When you are done editing the file in vim, first press escape, then colon, then enter in wq to write, then quit.

Now run the merge_video script to select and merge the video frames:

python /phon/scripts/

This may take a long time, depending on how much you extract.

By default, the merged images will appear in a folder called us_with_video. To download the images as a file called, zip them first:

zip myimages us_with_video/*

Next, use scp or WinSCP to download the zip file. If you use scp, this is the command to use:

scp ./

That will probably put the zip file in your home directory on your computer, but you can change ./ to a different location if you prefer.

Unzip the zip file and look at the merged images. If they look good, you can proceed to analysis. Otherwise, you may want to change settings in merge_video_settings.txt and run again.


As far as we know, the time stamp in the ultrasound and video images can be trusted. This means that once we determine the offset between the time in the time stamp for each type of video and the time in the audio, we can convert any audio time into a video or ultrasound time.

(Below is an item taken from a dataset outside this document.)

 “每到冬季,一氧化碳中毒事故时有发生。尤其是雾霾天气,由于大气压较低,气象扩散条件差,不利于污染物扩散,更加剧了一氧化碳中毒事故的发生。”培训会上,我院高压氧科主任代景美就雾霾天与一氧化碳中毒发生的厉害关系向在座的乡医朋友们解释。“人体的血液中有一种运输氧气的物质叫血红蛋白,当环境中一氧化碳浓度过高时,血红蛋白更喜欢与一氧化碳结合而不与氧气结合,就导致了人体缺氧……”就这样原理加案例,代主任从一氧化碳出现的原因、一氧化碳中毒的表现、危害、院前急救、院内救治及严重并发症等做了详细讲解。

If you need to check synchronization and you don’t have the 15-second wav file for some reason, you can find the offset by comparing audio and images, it is necessary to have an event that starts abruptly and can be observed on more than one channel, for example:

  • Audio, video, and ultrasound:
    • squirting gel onto the transducer using a hammer
    • audibly tapping a probe with a glob of gel on it against a surface
  • Audio and video:
    • clacking a Hollywood-style clacker
    • a hand clap
  • Audio and ultrasound:
    • the release of a lingual stop
  • Video and ultrasound:
    • the release of a labial stop


Analyzing your Data

The next steps are dependent on how you have decided to tackle the analysis of the data obtained from your ultrasound recording. The following information is for CONTOUR ANALYSIS, which is tracing either the tongue or the lips, using the Palatoglossotron and SS ANOVA. It includes information on:

  • Tracing with Palatoglossotron
  • Using SS Anova to Compare Contours


Tracing with Palatoglossotron

We typically use Palatoglossatron to trace the tongue and lips. Refer to the Palatoglossatron manual for instructions on using Palatoglossatron to analyze ultrasound images. It is also possible to use EdgeTrak or the other programs that have been written for analyzing this type of data.

Figure 10. Pad and stylus for tracing tongues, palates, and lips in Palatoglosstron

Figure 1. Tablet for tracing ultrasound images in Palatoglossotron.

Palatoglossotron is a Windows application that is used for processing ultrasound data that we gather in the Phonology Lab. An implementation of Palatron and Glossotron algorithms, it is designed to allow the user to easily and flexibly make traces of tongue and palate contours.

Palatoglossatron will not currently run in Linux on lab computers, but should run on any of the Windows computers in the Phonology Lab or the Linguistics Lab, or your own computer.


Download Palatoglossatron from here. You will need to unzip it and then rename Glossatron.ex_ to Glossatron.exe.

In Windows, it should just run as a normal program. Don’t move any of the files from where they are in the PG folder. Run Glossatron.exe. You can make a shortcut to Glossatron.exe on your desktop but don’t move the file.

In Mac OS or Linux, you will need to use WINE (a program that helps you run Windows programs in other operating systems). Here are instructions for installing WINE on a Mac. Then you should be able to run Palatoglossatron by typing this in a terminal (and substituting your actual path to Glossatron.exe, wherever you downloaded it to) or by following the opening instructions in the WINE instructions page:

wine /pathtopalatoglossatron/Glossatron.exe

As said in the Palatoglossotron manual, the only files that are needed to run are the .exe file and the .bin files. All others are unnecessary, but don’t delete them. For Windows users, you will have to make sure to change the .ex_ extension to .exe by renaming the file before being able to run the application.


Click on “new project” under File or use the command Ctrl + N (Windows). Browse to the file location and name your new project. Remember, typically each recording session or participant will take its own individual project. You also have to add the .prj extension to the project name at this time. Ordinarily we group palate images with tongue images, so you won’t need to add any palate files in the top box. For tongue images, click “add directory” and find the location of your images. Leave “dummy filename” alone.

Before clicking “OK”, you can click “Sort filenames…”, and you can change the delimiter (at the bottom) to .jpg (instead of an underscore). This will help later in the export process.


Figure 2. The Palatoglossotron user interface

Figure 2. The Palatoglossotron user interface

Generally, you will find it most useful to read through the Palatoglossotron manual yourself in order to familiarize yourself with the tongue tracing process. Also refer to Stone 2005 for a thorough introduction to analyzing tongue contours from ultrasound images. However, there are a few important things to point out. The surface of the tongue is just below the bright white line; this is where the tongue meets the air and the ultrasound beams scatter. After tracing a project, it is advisable to clear orphans from all traces. These are stray, disconnected points. Be aware that erroneous traces of 2 or more points will not be erased by this process.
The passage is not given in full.